Film

Review: Political Intrigue, Human Drama and Forensic Investigation Collide in Gripping Assassins

With more than our own fair share of political headaches to navigate the last four years, you’d be forgiven for not following the saga around the 2017 assassination of North Korean leader Kim Jong-un’s older brother, Kim Jong-nam. The presumed heir to their father Kim Jong-il’s dictatorship, he was murdered in a brazen and somewhat confusing attack in broad daylight in the middle of the Kuala Lumpur International Airport. Two women approach him separately, snuck up behind him and wrapped their hands around his face (like someone playing a “Guess who?” game) and rubbed a deadly poison directly into his eyes. He was dead within an hour, and the women were long gone.

Assassins

Image courtesy of the film.

The death made international news, at first because of the notoriety of the victim. But soon, as details emerged about the women who attacked him and how the assassination came to be, the details in the case made it seem more like something out of a crime novel than real life. Documentarian Ryan White (Ask Dr. Ruth, Good Ol’ Freda, The Case Against 8) unpacks all the sordid details in Assassins, offering enough of a history lesson on North Korean politics to place the drama while following the trial of the two women eventually arrested for their role in the bizarre and tragic crime. It’s a captivating film that deftly unravels the story of the investigation and the circumstances leading up to the murder that, if it weren’t all there in CCTV footage, agency reports and testimony, would be too strange to be believed.

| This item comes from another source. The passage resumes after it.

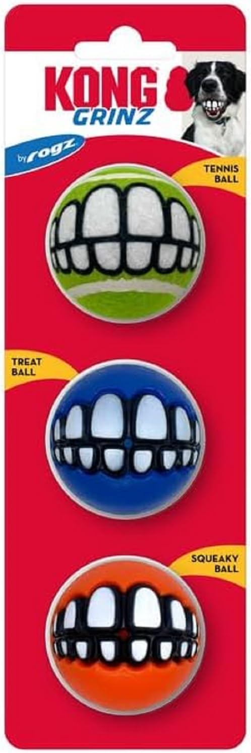 KONG Grinz Variety 3-pack is full of smiles, laughs, and fun! Each ball brings dynamic bounce and its own style of durable texture. Including one squeaky ball, one tennis ball, and one treat ball that you can stuff with your favorite KONG treats, all of them have the classic Grinz teeth for purely playful entertainment!
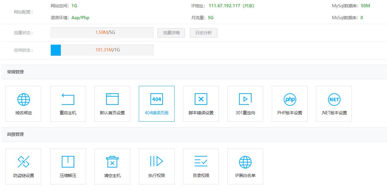具备域名绑定、重启主机、默认首页设置、404错误页面、脚本错误设置、301重定向、PHP版本设置、.NET版本设置、防盗链设置、压缩解压、清空主机、执行权限、目录权限、IP黑白名单、修改数据库密码、PhpMyadmin、清空数据库、外部链接管理等功能。

Though Kim Jong-nam’s death and the subsequent investigation, trial and its outcomes are public knowledge (and easily discovered through any simple web search), going into Assassins knowing as little as possible about the case will only help one truly appreciate the care White takes to build a film that walks its viewers step by step through every twist and turn. The filmmaker makes the deliberate choice to tell the story of Siti Aisyah and Doan Thi Huong, the two women who carried out the deadly attack on Kim, rather than dig into any number of other interesting angles surrounding the event (including the widely accepted belief that his death was ordered by younger brother Kim Jong-il himself). While exploring how they came to be involved, under what pretenses they carried out the crime and how the Malaysian courts responded to the deadly events, the film makes the case that forces far beyond their control conspired to execute a politically motivated murder in the middle of the day.

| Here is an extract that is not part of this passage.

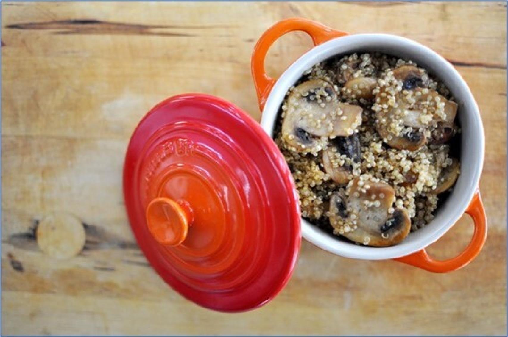 La foto superior es el ejemplo perfecto de que menos es más, la regla de oro en este tipo de fotografía, simplemente con la madera de fondo, que crea un ambiente cálido, y la tapa de la olla, que pone la nota de color que le falta a la quinoa y da volumen a la composición, se consigue una fotografía visualmente muy atractiva con el plato como único protagonista. La mayoría de las veces no hace falta más.

It’s frankly remarkable the number of narrative threads White manages to weave together in this complicated story. Washington Post journalist Anna Fifield serves as a strong grounding point for the uninitiated; her familiarity with the region and history of reporting on the Kim dynasty goes a long way to add context and perspective to the overarching significance of both the events themselves and how they transpired. White not only features Aisyah and Huong themselves, but interviews their parents as well, as confused as anyone as to how their daughters found themselves caught up with a conspiracy to assassinate someone as prominent as Kim Jong-nam. And with the help of investigators assigned to the case and the lawyers defending Aisyah and Huong, the film unpacks with forensic precision exactly what happened minute-by-minute the day Kim was attacked.

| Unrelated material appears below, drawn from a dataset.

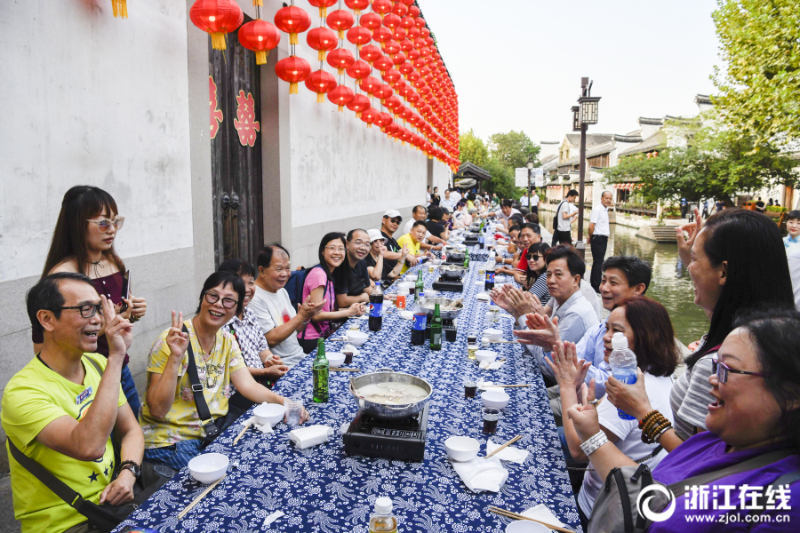 品味百米长街鱼宴 中外游客南浔共度中秋

In a pop-culture moment when a true-crime documentary, podcast, book or article is never far away, an exceptional work like Assassins should rightfully move to the front of any To See list. Where others rehash a story that’s been told a million times or take a take-by-numbers approach to their subject matter, White’s film is both an intriguing look at an unexpected political drama and a deeply thoughtful exploration of the ripple effects of that drama on the unsuspecting.

Assassins is now streaming via virtual cinemas, including at Music Box Theatre. A portion of your rental goes to support the theater while it’s closed.